## Problem to solve:
When you copy from the entries that follow, take only the lines from the one with "雾炮机根据液体雾化和空气射流" down to the one with "외부에서 구입하였다면 그", keeping both ends and dropping every picture.

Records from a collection
_ _ _ _
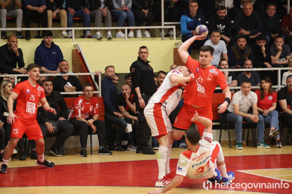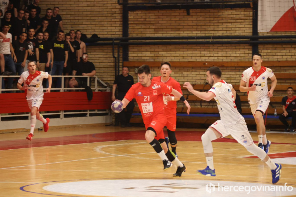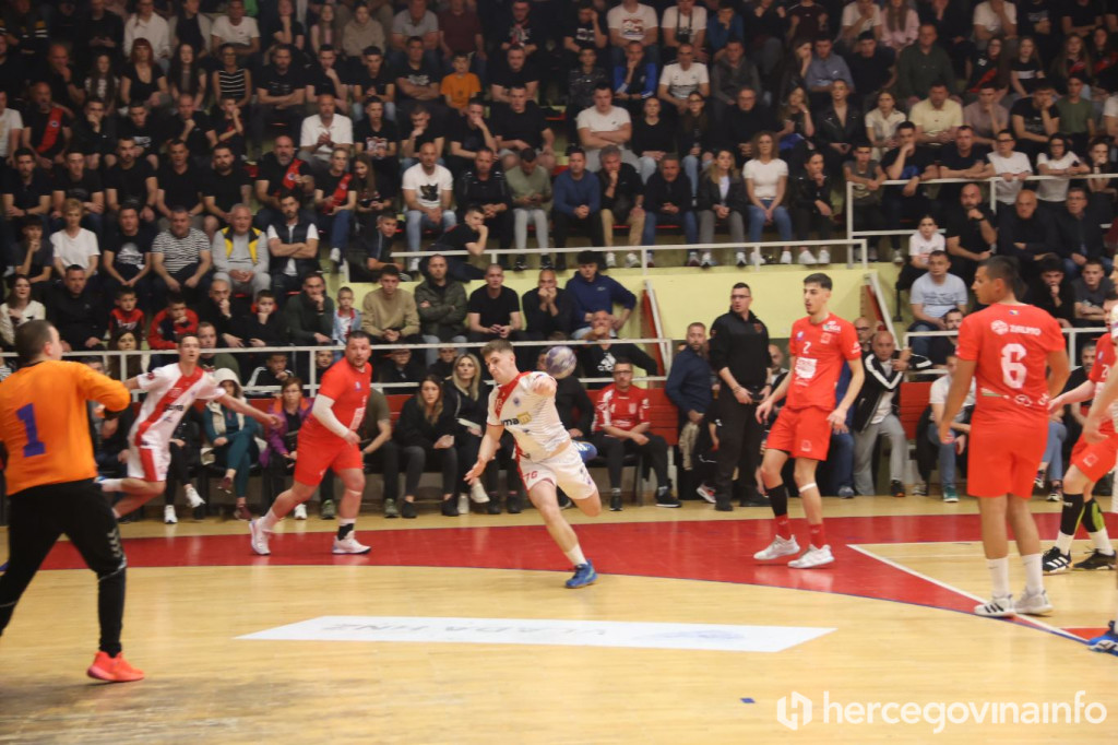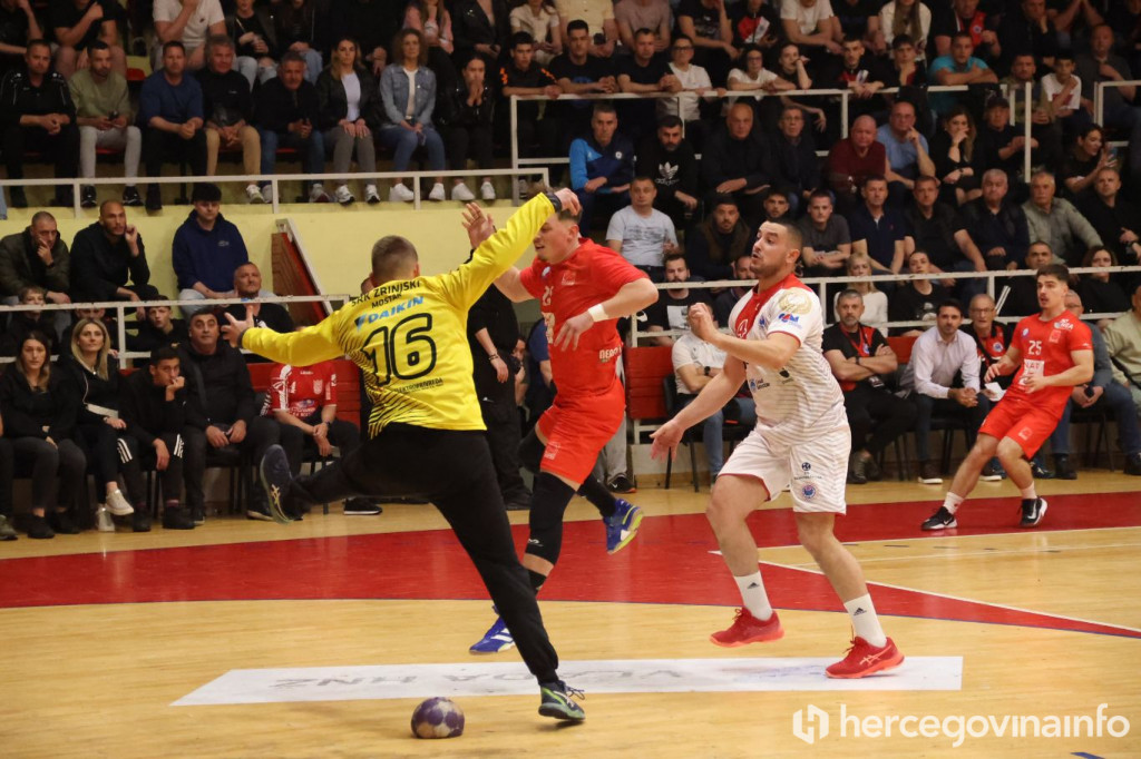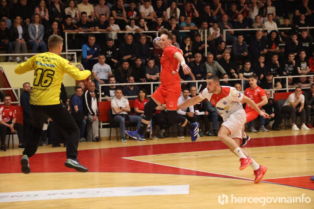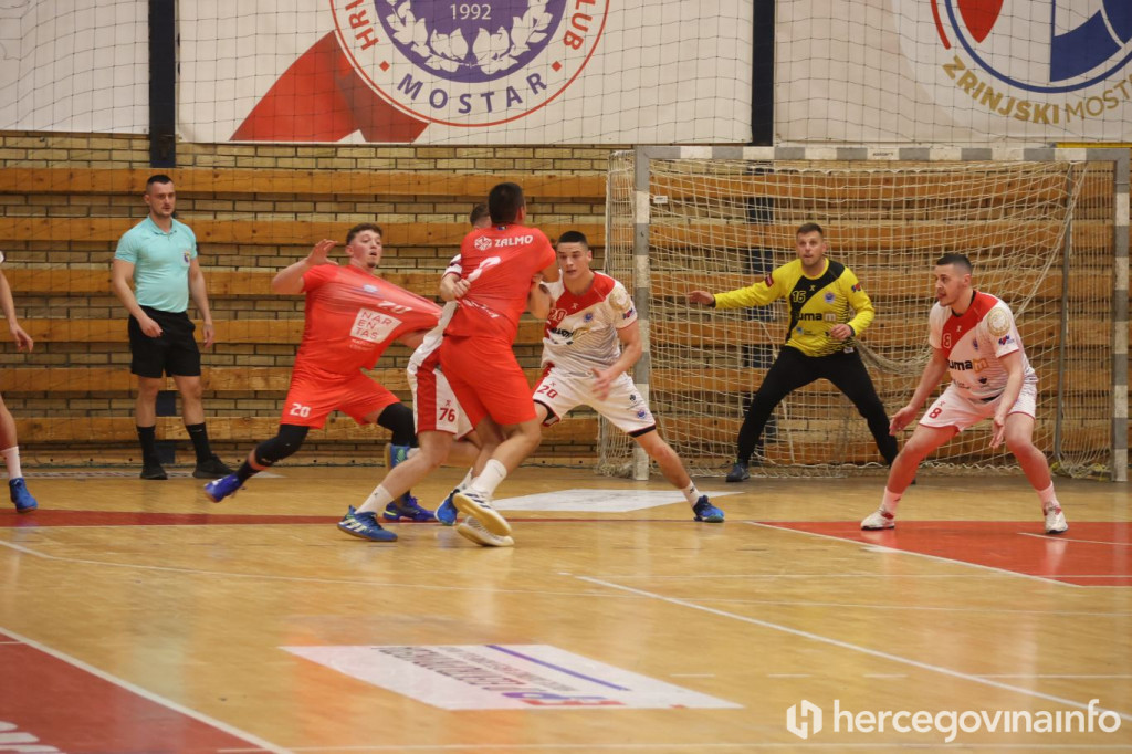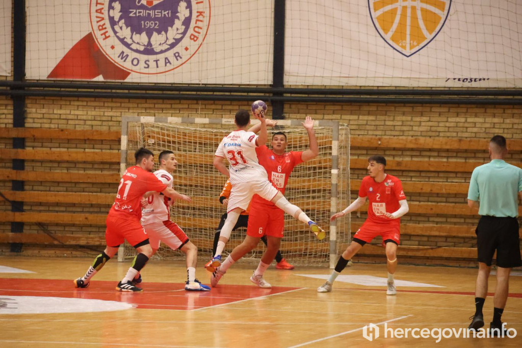 Rukometaši SRK Zrinjski večeras su u krcatoj dvorani na Bijelom Brijegu u Mostaru svladali RK Velež rezultatom 27:20 i tako preskočili gradskog rivala na prvenstvenoj ljestvici za jedan bod, te su sada glavni favoriti za ulazak u najelitniji rang rukometa u BiH.
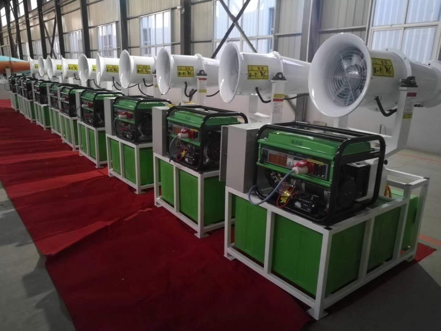 雾炮机根据液体雾化和空气射流理论,先使用高压泵对液体加压,然后通过微细雾化喷嘴将水雾化,在利用高压射流风机的大风量和高风压将雾化的水雾送到较远距离,使得水雾到达较远距离的同时能够覆盖 大面积,在此过程中粉尘颗粒与水雾颗粒产生充分接触而变得湿润,被湿润的粉尘颗粒继续吸附其他粉尘颗粒而逐渐凝结结成颗粒团,然后粉尘颗粒团由于自身的重力作用而沉降,从而达到抑尘,降尘的作用,降低空气中的PM2.5浓度数值,提高空气质量。
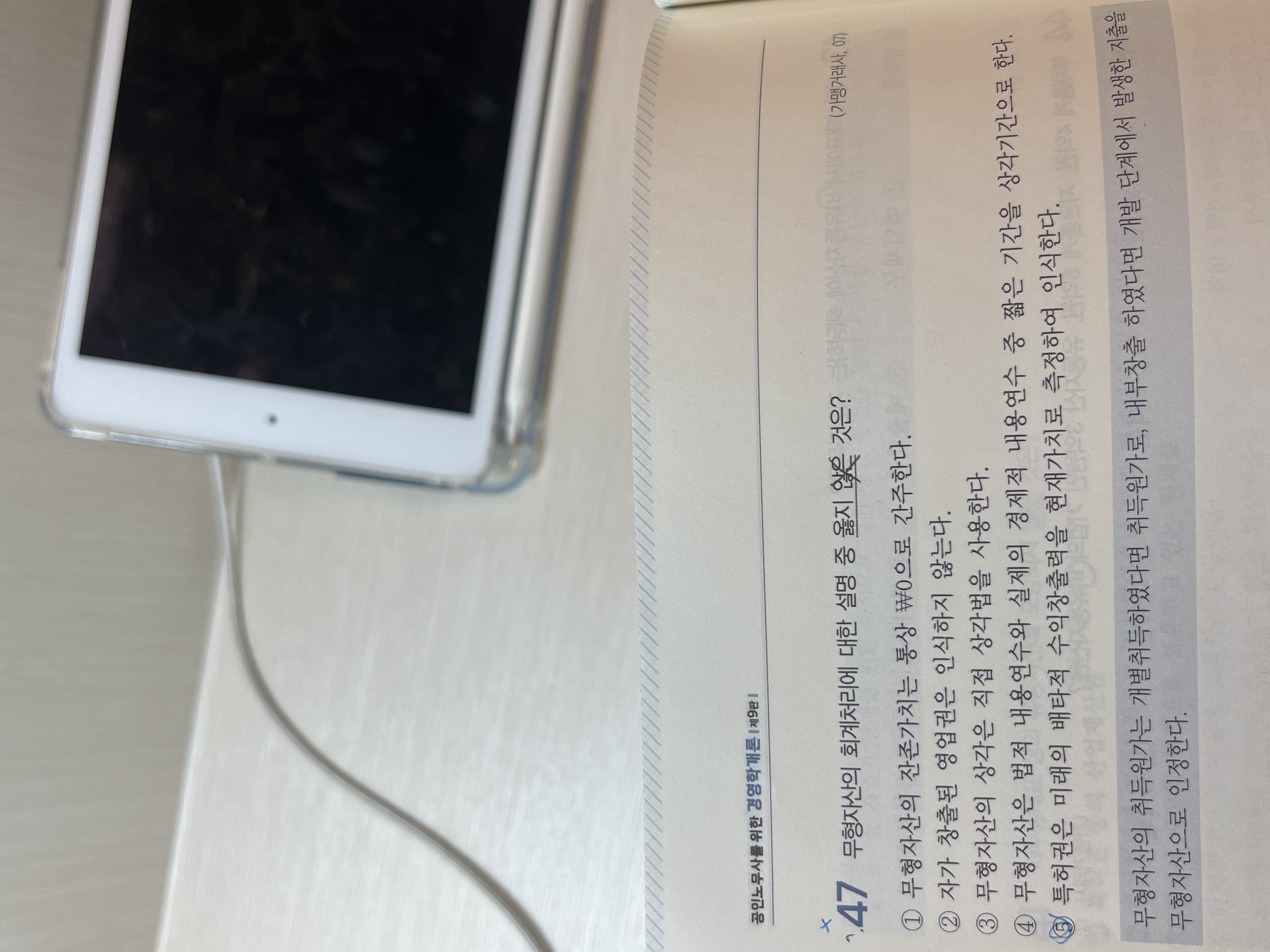 외부에서 구입하였다면 그 <취득원가>로 자산(특허권)으로 처리합니다. 따라서 5번 지문에서 "미래의 배타적 수익창출력을 현재가치로 환산하여 인식"한다는 것이 틀린 설명입니다.
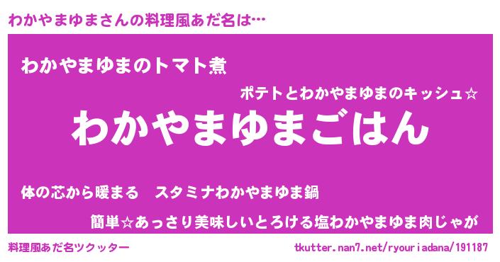 | ヘコむあだ名 | 『わかやまゆま(笑)』『わかっ子』 |
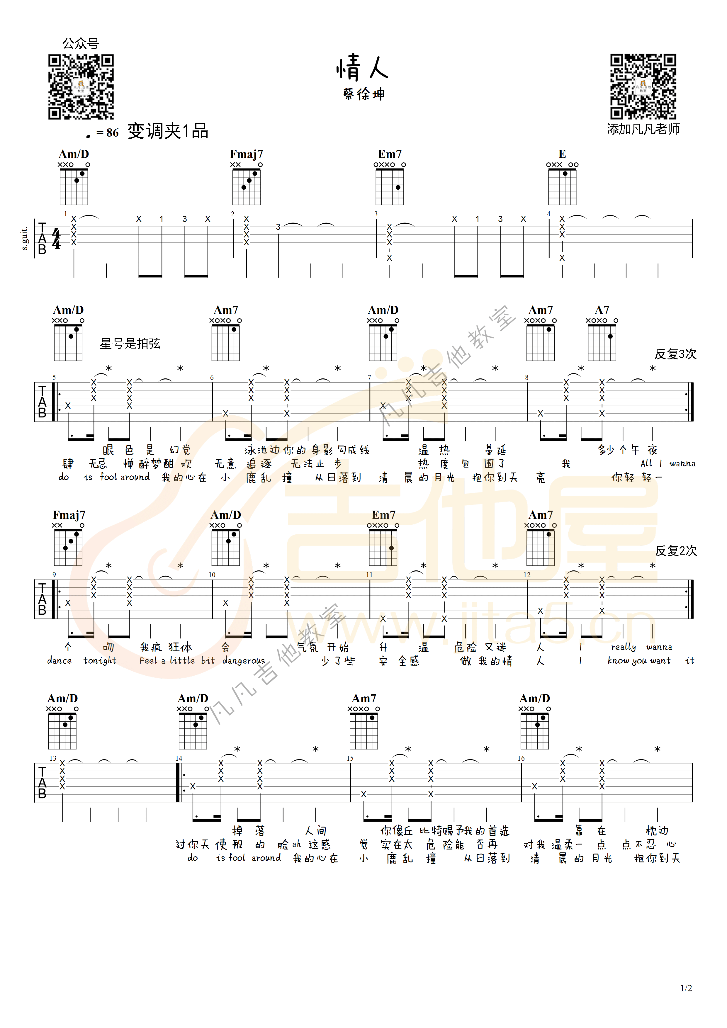 《蔡徐坤《情人吉他谱》(C调)》内容来自于互联网,不能保证内容的准确性与完整性,仅供学习交流欣赏,请勿用于其它用途,内容版权归原作者及来源网站所有,如有侵犯到您的权益请来信告知,我们将及时删除。
_ _ _ _
## Output of the task:
 雾炮机根据液体雾化和空气射流理论,先使用高压泵对液体加压,然后通过微细雾化喷嘴将水雾化,在利用高压射流风机的大风量和高风压将雾化的水雾送到较远距离,使得水雾到达较远距离的同时能够覆盖 大面积,在此过程中粉尘颗粒与水雾颗粒产生充分接触而变得湿润,被湿润的粉尘颗粒继续吸附其他粉尘颗粒而逐渐凝结结成颗粒团,然后粉尘颗粒团由于自身的重力作用而沉降,从而达到抑尘,降尘的作用,降低空气中的PM2.5浓度数值,提高空气质量。
 외부에서 구입하였다면 그 <취득원가>로 자산(특허권)으로 처리합니다. 따라서 5번 지문에서 "미래의 배타적 수익창출력을 현재가치로 환산하여 인식"한다는 것이 틀린 설명입니다.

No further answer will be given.